【コラム】

ほらほら、置いてきぼり食らうよ

岡田 充

 電話普及率… 先進国ほど高く、途上国は低い。世界各国の状況を記述するさまざまな「年鑑」には、電化や鉄道敷設キロ数と並び、電話普及率が統計指標の一つだった。「電話」とは固定電話のこと。「だった」と書いたのは、途上国でも携帯電話が急速に普及した21世紀には、経済発展の指標としてあまり意味がなくなったからだ。
 日本の固定電話の世帯ベースの保有率(2017年)は71.0%だった。しかし20代ではなんと5.2%、30代でも29.3%に過ぎない。独身はもちろん、結婚しても共働きが多いためか、固定電話を持たない世帯は増える一方だろう。

 さてここから本題の「マネー」に移る。2020年10月、カンボジア中央銀行がデジタル通貨「バコン」を導入した、というニュースが流れた。中銀デジタル通貨の発行は、カリブ海のバハマに続き世界2番目という。カンボジアでは通貨「リエル」の信用度が低く、流通する通貨は米ドルだった。「バコン」導入で、国家がようやく通貨発行の支配権を取り戻したことになる。

 中銀発行のデジタル通貨と、ビッドコインなどの「仮想通貨」とはどう違うのか。仮想通貨は、ネット上でユーザー同士が取引し、通貨の裏付けはない。一方、買い物で使うクレジットカードや、交通機関で利用する「電子マネー」は、法定通貨の代替物だ。

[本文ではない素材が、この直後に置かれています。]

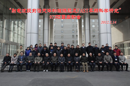 2月14日, “射电波段的前沿天体物理课题及FAST早期科学研究”973项目启动会在国家天文台召开。国家自然科学基金委员会数理学部常务副主任汲培文、中国科学院基础科学局局长刘鸣华、科学技术部基础研究管理中心负责人钱万强、国家自然科学基金委员会数理学部天文处处长董国轩、中国科学院基础科学局天文力学空间科学处副处长薛艳杰、973计划领域专家咨询组的黄珹和李宗伟两位专家、中国科学院国家天文台的周又元院士和武向平院士出席了会议。会议由郑晓年和李菂共同主持。
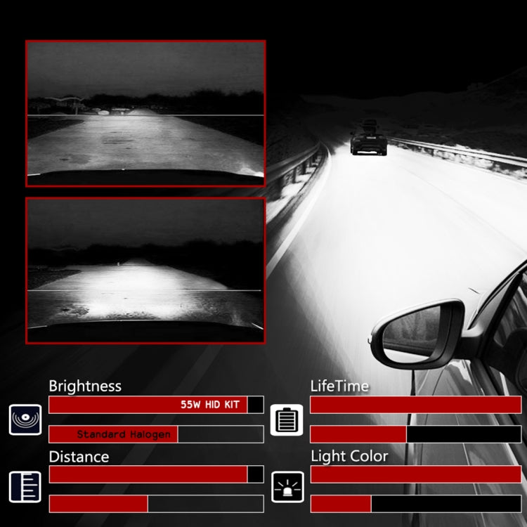 55W 3200LM H1 6000K HID Xenon Bulbs Light Conversion Kit with High Intensity Discharge Slim Ballast, White

 主要国では、中国が試験的に中銀デジタル通貨を導入し、2022年の北京冬季五輪開催前に実用化する予定。中国ではスマホのアプリで、巨大IT企業、アリババ集団の「支付宝(アリペイ)」や騰訊控股(テンセント)の「ウィーチャットペイ」など、銀行を介さないショッピングが消費者に浸透している。これもすべてスマホ一つで取引できるキャッシュレス。
 「中国の特色ある社会主義」でも、民間企業が都市部の雇用の8割と、国内総生産(GDP)の6割を創出。共産党指導部には、巨大IT企業が金融支配しかねないとの懸念を強めていた。中銀デジタル通貨の発行も、国家による巨大IT企業への支配を強化する狙いがある。アリババ集団の創始者ジャック・マー(馬雲)への締め付けも、この文脈で見ると分かりやすい。

 日本も日銀に「デジタル通貨グループ」を設置し、導入に向けた実証実験を始めたばかり。日本人の「現金信仰」は根強いものがある。キャッシュレス決済額の比率を見ると、韓国(96.4%)、中国(60%)、シンガポール(58.8%)に対し、日本はわずか19.8%。一方「タンス預金」の総額は、50 兆円(2019年1月)を越えたとされる。
 他人ごとではない。亡母が祝儀袋に紙幣を包むとき、わざわざ重いアイロンを出して、お札のしわ伸ばしをしていたのを思い出す。こんなことをするのは日本人ぐらいに違いない。

画像の説明
  中国政府が2月の旧正月の
「お年玉」用に配った「デジタル人民元」画像(人民網)

 (共同通信客員論説委員)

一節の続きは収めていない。